A Tissue-Tended Mycophenolate-Modified Nanoparticle Alleviates Systemic Lupus Erythematosus in MRL/ Lpr Mouse Model Mainly by Promoting Local M2-Like Macrophagocytes Polarization

Abstract

Background: Mycophenolate mofetil (MMF), for which the bioactive metabolite is mycophenolic acid (MPA), is a frequently used immunosuppressant for systemic lupus erythematosus (SLE). However, its short half-life and poor biodistribution into cells and tissues hinder its clinical efficacy. Our dextran mycophenolate-based nanoparticles (MPA@Dex-MPA NPs) have greatly improved the pharmacokinetics of MMF/MPA. We here tested the therapeutic efficacy of MPA@Dex-MPA NPs against SLE and investigated the underlying mechanism.

Methods: The tissue and immune cell biodistributions of MPA@Dex-MPA NPs were traced using live fluorescence imaging system and flow cytometry, respectively. Serological proinflammatory mediators and kidney damage were detected to assess the efficacy of MPA@Dex-MPA NPs treatments of MRL/lpr lupus-prone mice. Immune cell changes in the kidney and spleen were further analyzed post-treatment via flow cytometry. Bone marrow-derived macrophages were used to investigate the potential mechanism.
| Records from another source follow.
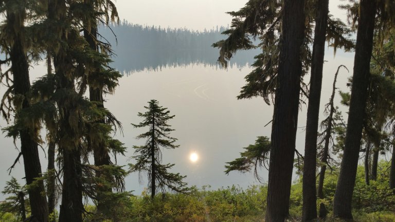 I woke up at 5:30am having not slept very well, and had to go poop right away; it’s just something that happens on the trail. I slipped my head lamp on and went into the still dark woods. The mosquitoes were already awake and it was also already smoky. So much for a positive anticipation of getting away from this smoke. Every day is a mystery I tell ya. As I sat in my tent vestibule making coffee I started to question whether I really packed the right amount of food. I did a quick food inventory to double check, and decided it would have to do, unless we were to make a side trip to Diamond Lake Resort, which is not too far before Crater Lake. I’d never been to Diamond Lake, so part of me wanted to go there, but my brain couldn’t really conceptualize exactly what that would entail in terms of mileage and how it would affect our overall itinerary, so I just shelved the idea for the time being.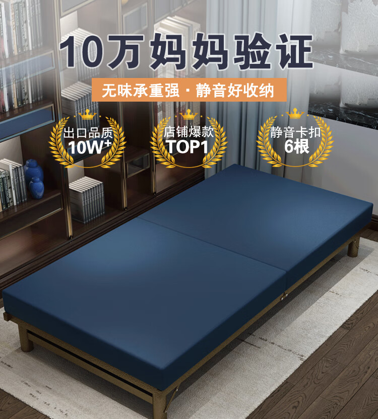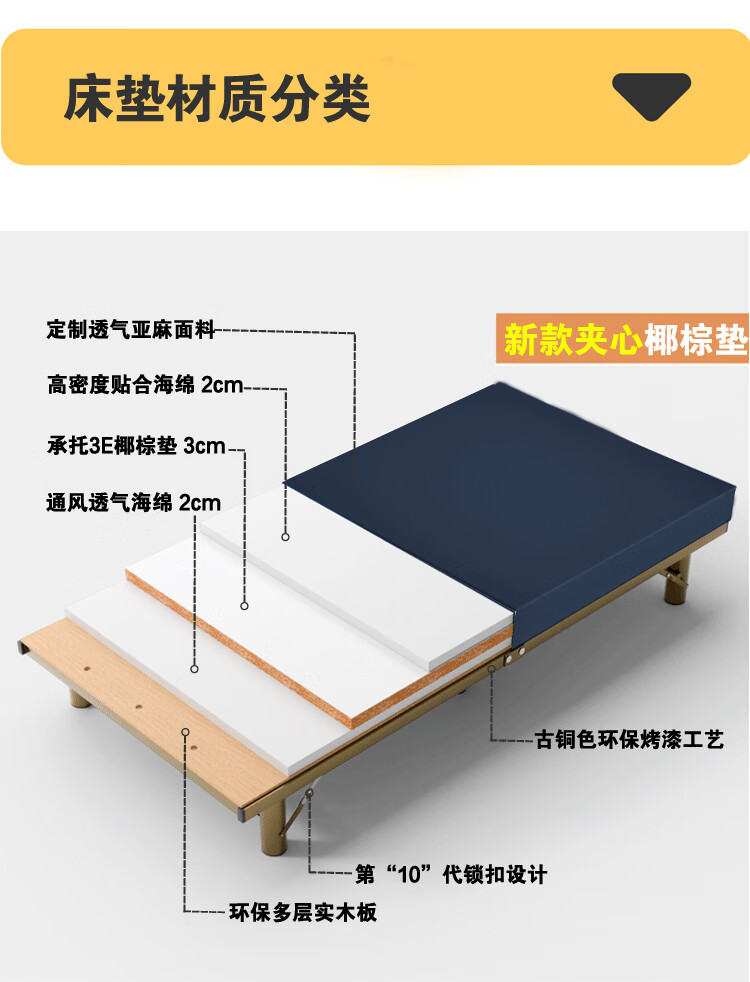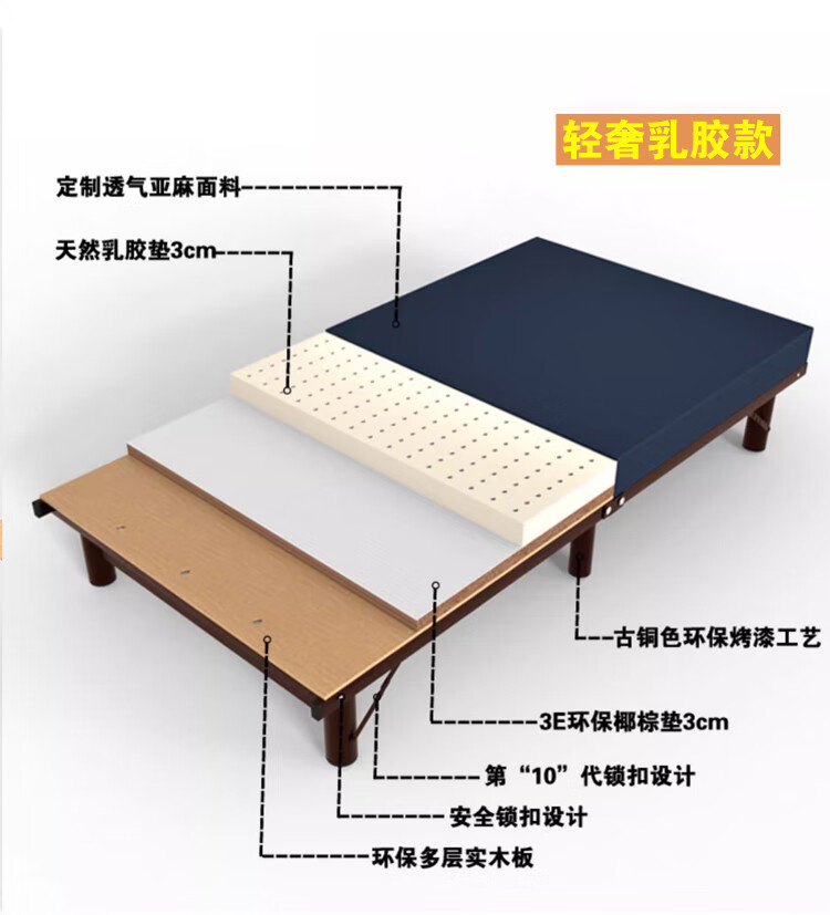 Dunhui exports Japanese quality folding bed for home use, office lunch break bed storage folding bed, hotel extra bed, blue gray multi-layered coconut palm mat, width 80, length 200cm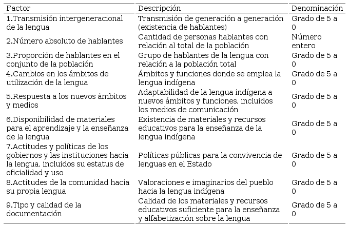 Asimismo, debido a la importancia que tiene la preservación y conservación de las lenguas, la UNESCO (2003) estableció la evaluación para determinar el grado de vitalidad de las lenguas y la urgencia del trabajo de documentación. La evaluación está compuesta por nueve factores, la mayoría (8 de 9) poseen una escala, según distintos condicionantes y por el grado donde cada lengua se posiciona, de acuerdo con los resultados del análisis (ver Tabla 1).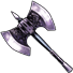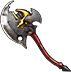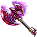 | ★★★★★★ - A large axe said to have been dropped by a demon. A large axe said to have been dropped by a demon. It holds the power to slightly increase the user's HP. One can easily tell the dark aura shrouding the axe, which is powerful enough to obliterate holy objects with a single blow. The drawback is that it is very heavy, making it difficult to handle. Seeing a person swing this axe, cleaving away at monsters, portrays an image of intense savagery akin to demons. | ||||||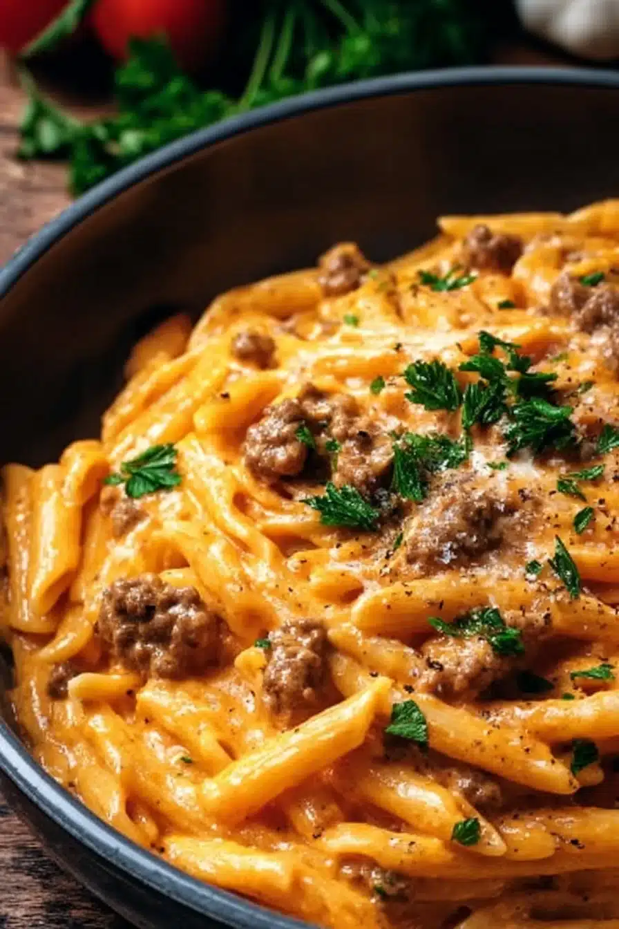 - Serve the creamy beef pasta garnished with fresh basil or parsley.

Results: MPA@Dex-MPA NPs exhibited superior therapeutic efficacy and safety in the MRL/lpr mice using significantly lower administration dosage (one-fifth) and frequency (once/3 days) compared to MMF/MPA used in ordinary practice. The overall prognosis of the mice was improved as they showed lower levels of serological proinflammatory mediators. Moreover, kidney injury was alleviated with reduced pathological signs and decreased urine protein-creatinine ratio. Further investigations of the underlying mechanism revealed a preferential penetration and persistent retention of MPA@Dex-MPA NPs in the spleen and kidney, where they were mostly phagocytosed by macrophages. The macrophages were found to be polarized towards a CD206⁺ M2-like phenotype, with a downregulation of surface CD80 and CD40, and reduced TNF-α production in the spleen and kidney and in vitro. The expansion of T cells was also significantly inhibited in these two organs.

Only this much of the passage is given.